ASSIGNMENT.
All lines from the one containing "bersama kalian ketika" through the end of the data below are to be repeated exactly, with pictures left out.
(DATA FOR THIS EXERCISE Opens)
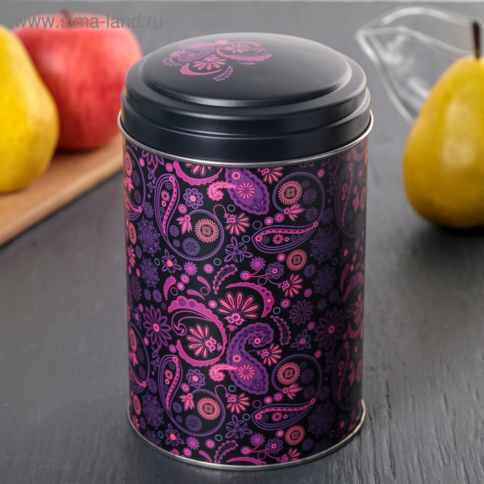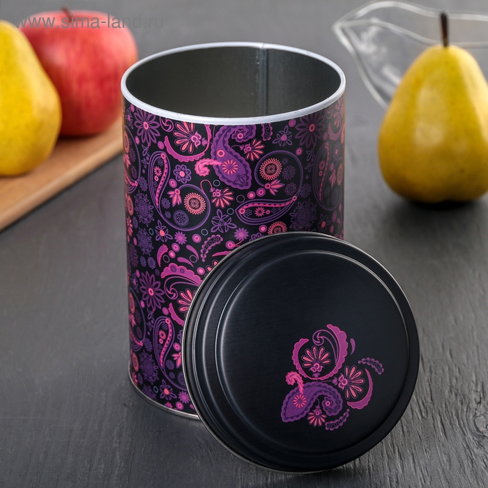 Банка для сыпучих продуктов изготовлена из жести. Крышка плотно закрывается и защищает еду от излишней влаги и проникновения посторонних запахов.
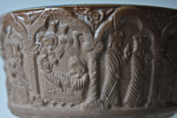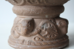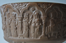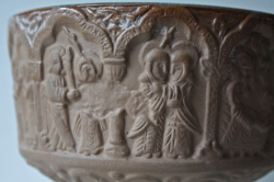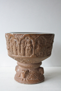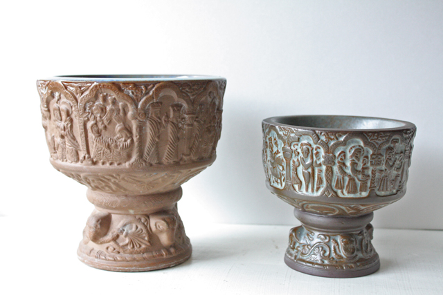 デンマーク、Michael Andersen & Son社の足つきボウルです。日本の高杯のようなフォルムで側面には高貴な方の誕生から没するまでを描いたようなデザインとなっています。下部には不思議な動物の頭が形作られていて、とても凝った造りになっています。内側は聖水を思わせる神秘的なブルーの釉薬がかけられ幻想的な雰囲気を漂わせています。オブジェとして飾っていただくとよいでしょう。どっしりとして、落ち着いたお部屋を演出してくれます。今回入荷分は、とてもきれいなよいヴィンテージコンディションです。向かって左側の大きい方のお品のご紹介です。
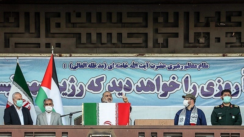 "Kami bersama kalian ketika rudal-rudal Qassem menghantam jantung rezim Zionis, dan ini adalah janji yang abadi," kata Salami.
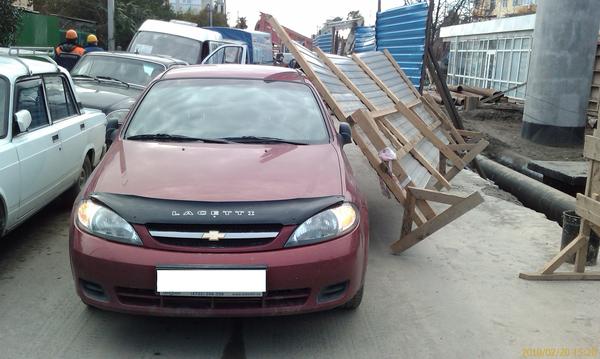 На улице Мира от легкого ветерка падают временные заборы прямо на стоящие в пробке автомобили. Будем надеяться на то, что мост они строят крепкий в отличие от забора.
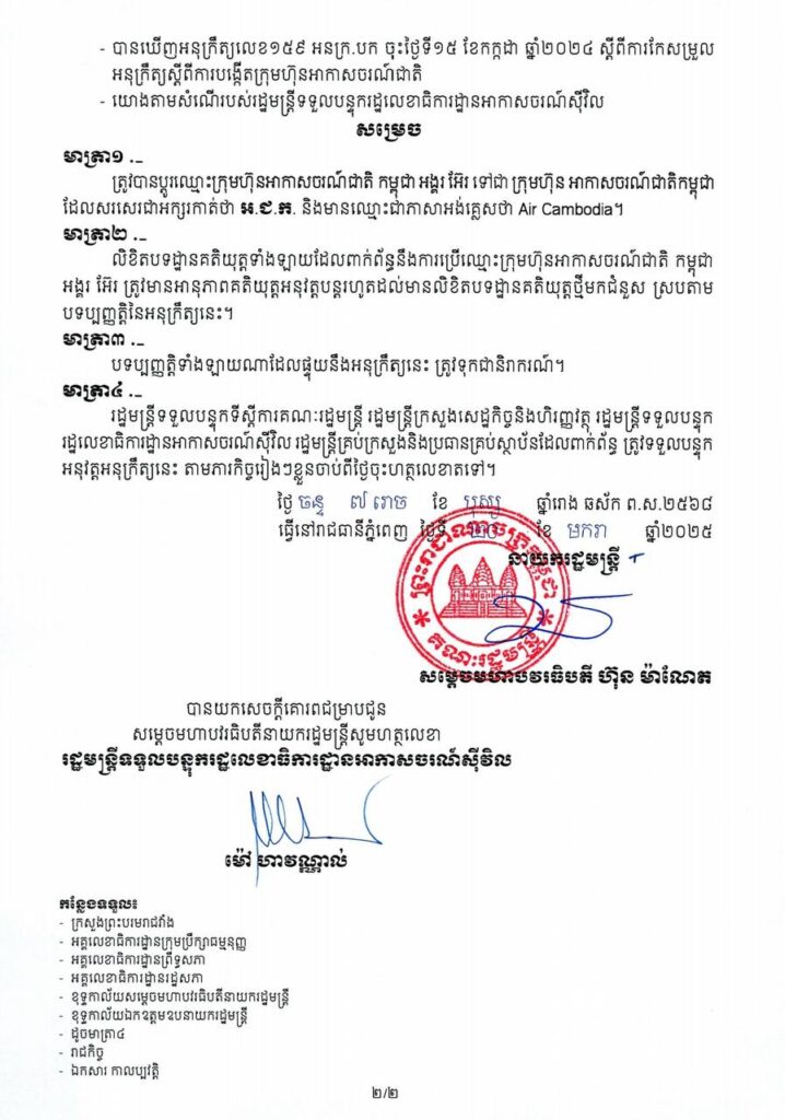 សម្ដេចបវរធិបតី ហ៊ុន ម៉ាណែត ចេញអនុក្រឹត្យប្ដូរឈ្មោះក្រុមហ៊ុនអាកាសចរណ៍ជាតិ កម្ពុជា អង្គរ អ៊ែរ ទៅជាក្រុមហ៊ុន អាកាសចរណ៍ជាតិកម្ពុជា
(DATA FOR THIS EXERCISE Closes)
SOLUTION TO THIS PROBLEM.
 "Kami bersama kalian ketika rudal-rudal Qassem menghantam jantung rezim Zionis, dan ini adalah janji yang abadi," kata Salami.
 На улице Мира от легкого ветерка падают временные заборы прямо на стоящие в пробке автомобили. Будем надеяться на то, что мост они строят крепкий в отличие от забора.
 សម្ដេចបវរធិបតី ហ៊ុន ម៉ាណែត ចេញអនុក្រឹត្យប្ដូរឈ្មោះក្រុមហ៊ុនអាកាសចរណ៍ជាតិ កម្ពុជា អង្គរ អ៊ែរ ទៅជាក្រុមហ៊ុន អាកាសចរណ៍ជាតិកម្ពុជា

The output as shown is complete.